Jesvin Jose
Jesvin Jose

Reputation: 23088

Executing multiple statements with Postgresql via SQLAlchemy does not persist changes

This does not work – the update has no effect:

command = "select content from blog where slug = 'meow'; update account_balance set balance=200 where id=1; select 1 from blog;"
content = db.engine.scalar(command)

Switching the statements performs the update and select successfully:

command = "update account_balance set balance=200 where id=1; select content from blog where slug = 'meow';"
content = db.engine.scalar(command)

Why does the first not work? It works in Pgadmin. I enabled autocommit with Flask-Sqlalchemy.

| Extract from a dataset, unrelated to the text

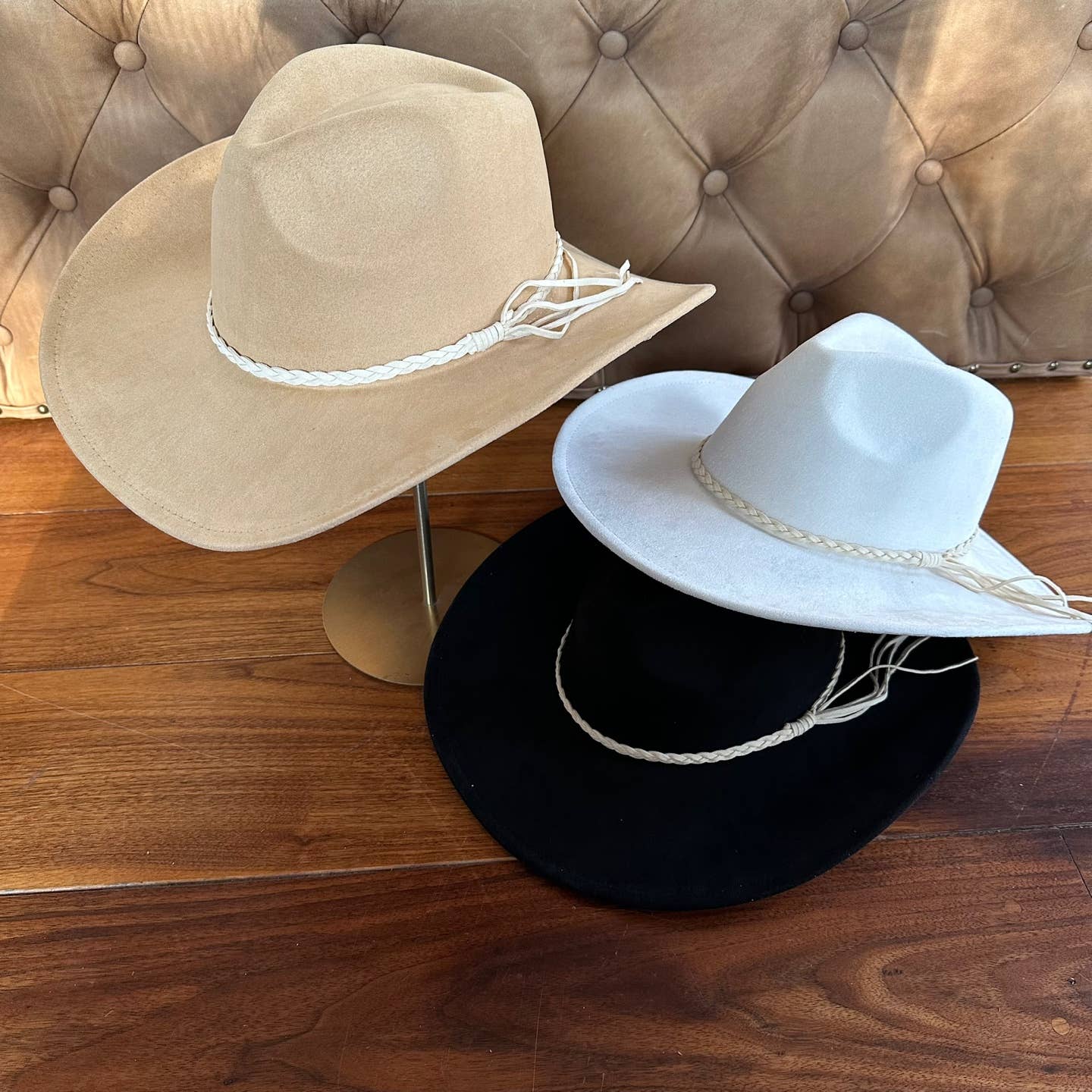Vegan suede cattleman cowboy hat stiff flat brim Stylish hat

I am doing a workshop on SQL injection, so please dont rewrite the solution!

Upvotes: 7

Views: 5291

Answers (3)

LoMaPh
LoMaPh

Reputation: 1690

If you want to create a table using SELECT INTO:

As explained above engine.execute('select * into a from b') doesn't work. Instead you can do as follows:

conn = engine.raw_connection()
cursor = conn.cursor()

cursor.execute('select * into a from b')
conn.commit() 

Upvotes: 0

Ilja Everilä
Ilja Everilä

Reputation: 52939

The way SQLAlchemy's autocommit works is that it inspects the issued statements, trying to detect whether or not data is modified:

..., SQLAlchemy implements its own “autocommit” feature which works completely consistently across all backends. This is achieved by detecting statements which represent data-changing operations, i.e. INSERT, UPDATE, DELETE, as well as data definition language (DDL) statements such as CREATE TABLE, ALTER TABLE, and then issuing a COMMIT automatically if no transaction is in progress. The detection is based on the presence of the autocommit=True execution option on the statement. If the statement is a text-only statement and the flag is not set, a regular expression is used to detect INSERT, UPDATE, DELETE, as well as a variety of other commands for a particular backend

Since multiple result sets are not supported at SQLAlchemy level, in your first example the detection simply omits issuing a COMMIT because the first statement is a SELECT, where as in your second example it is an UPDATE. No attempt to detect data modifying statements from multiple statements takes place.

If you look at PGExecutionContext.should_autocommit_text(), you'll see that it does a regex match against AUTOCOMMIT_REGEXP. In other words it matches only at the beginning of the text.

Upvotes: 8

Marcin Kolenda
Marcin Kolenda

Reputation: 94

You should use db.engine.execute(...).first() if you want to execute everything and get only first row.